Municipal Bond Forum

No free lunch

Q

I disagree with your points concerning the drawbacks of ladders. You’re not accounting for credit risk, for which you’re not well compensated for going out longer. In a ladder structure, being able to keep buying 10-year bonds is, in effect, a free lunch. The ladder gives you more access to your cash to meet cash-flow needs. Long bonds are callable and are not efficient investments, and they can be called at the worst time for the investor.

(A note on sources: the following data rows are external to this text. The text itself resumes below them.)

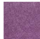
576 | Magenta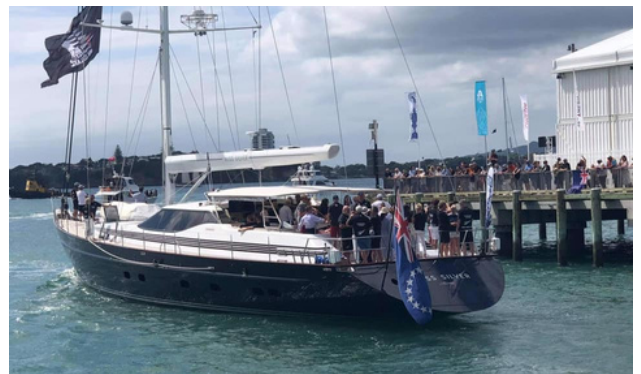
NAME: MISS SILVER LENGTH: 36.12m TYPE: Private Yacht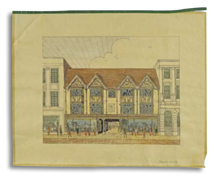
The Walk, Ipswich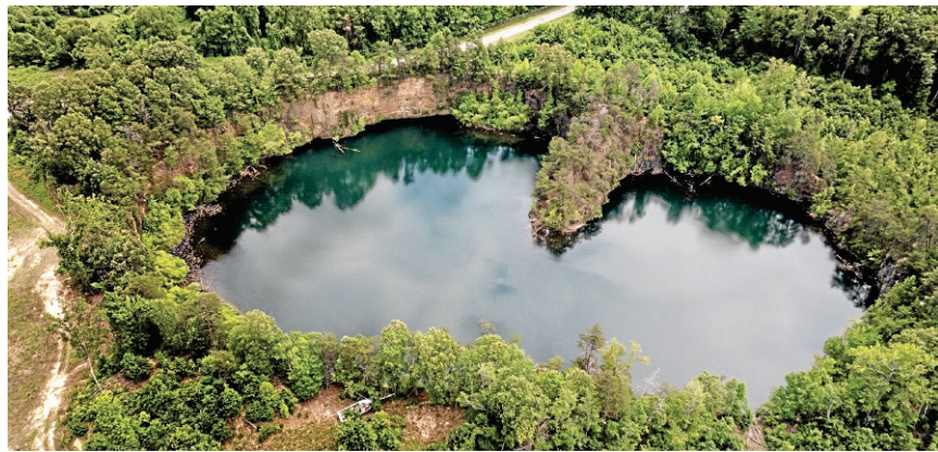
WALT UNKS, JOURNAL

For example, the so-called "friction ridges" on the skin of the fingers sloughs off after a few days of submersion in water, destroying a vital method of identification.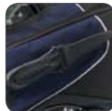
Knife Attachment Points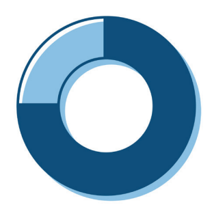
75% of Black small employers plan to take the COVID-19 vaccine when it becomes available

A survey conducted by Reimagine Main Street in 2021 discovered that: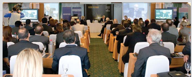
Conference delegates came from Cyprus and all over Europe.

For a full report and more pictures from the conference, please visit our Recent News section on our web site at www.totalservicey.com .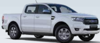
Frozen White (Solid)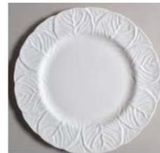
Top 20 Best-Selling Wedgwood ... replacements.com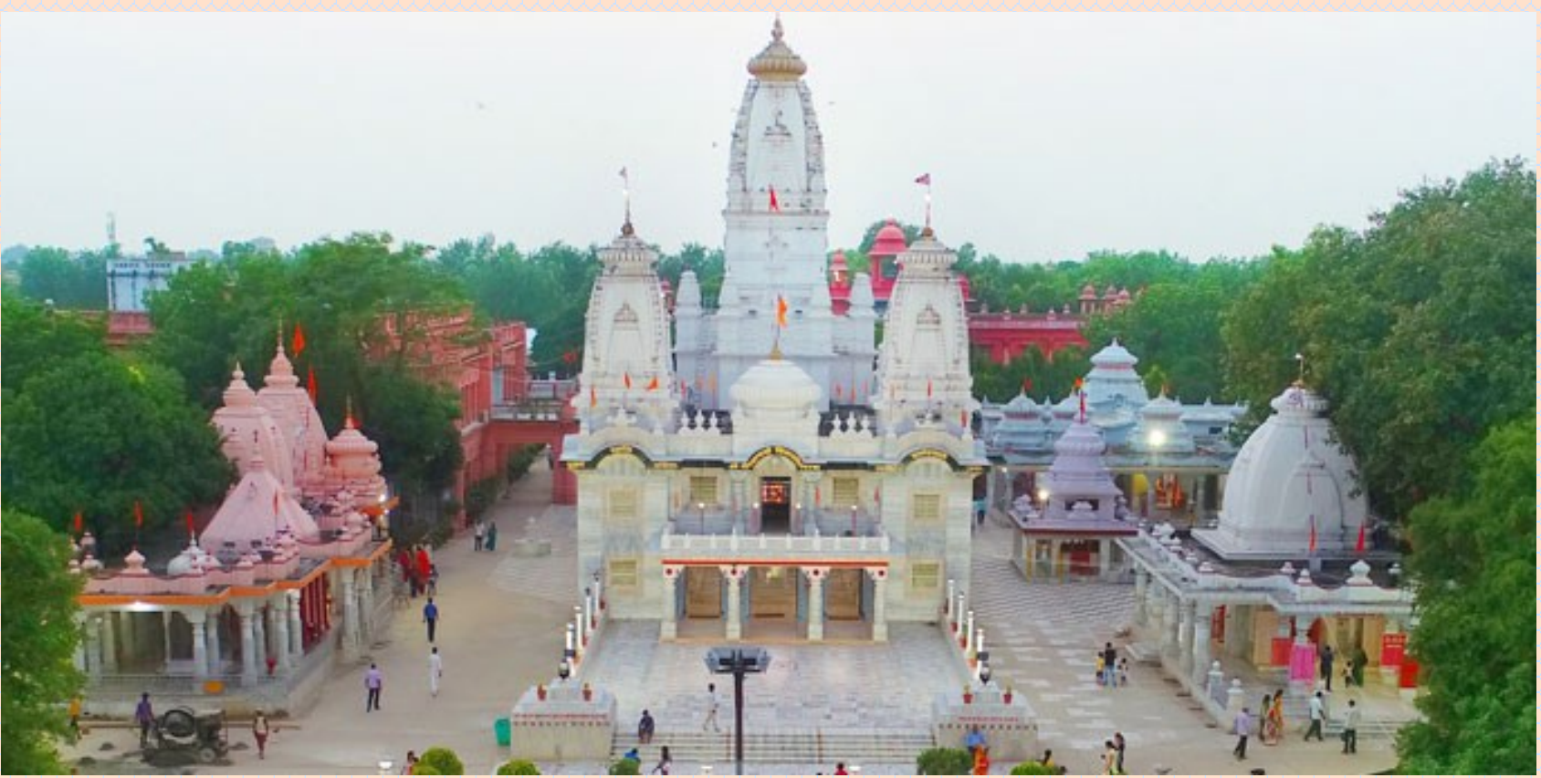
Shri Gorakhnath Mandir, Gorakhpur

Going long term only works in combination with a mostly equity portfolio, say, 70 percent or more.

A.S.

A

James A. Klotz responds:

Regarding your point on more credit risk, it is our experience that when a longer-term bond defaults, so also do the shorter bonds from the same issuer.

We also can’t agree with your thoughts on inflation.  Inflation does not pick and choose its targets.  If the purchasing power of the dollar is eroding, you are still better off having more cash flow available for reinvestment.  You may be overlooking the fact that you are reinvesting principal while our clients are reinvesting 100% to 300% additional interest on a current basis, not every two years.

The fact that bonds are callable in 10 years strengthens the argument for buying longer bonds.

The example used in our commentary was based on the Thompson Municipal Market Data Curve.  As we said in our article, the 10-year bond yield on a AAA bond in today’s market is approximately 2.93% while 30-year bonds yield 4.68%.  This is not 50 basis points more, as you say, but 175 basis points more.  That represents 60% more income.  Contrary to your figures (the source of which was unnamed) this difference in yield, in our book, is clearly worthwhile compensation for extending maturities.

Your theory on called bonds defies common sense.  The maximum yield on your 10-year bond if held to maturity will always be 2.93%.  If the long-term bond is called the yield will at least be 4.68% or even higher if called at a premium.

As far as your ability to have more access to your cash, you’re obviously referring to your principal.  We have always been proponents of creating maximum cash flow through higher interest payments to avoid the necessity of tapping into one’s principal, which is anathema to the goals of our clients.

We must also point out that we have never suggested that an investor should maintain all his/her investment funds in municipal bonds.  Asset allocation is not our area of expertise.  We earn our stripes by guiding municipal bond investors in maximizing the performance of their portfolios.

If you review these numbers with an open mind, you will find, as in all other things, there is no free lunch.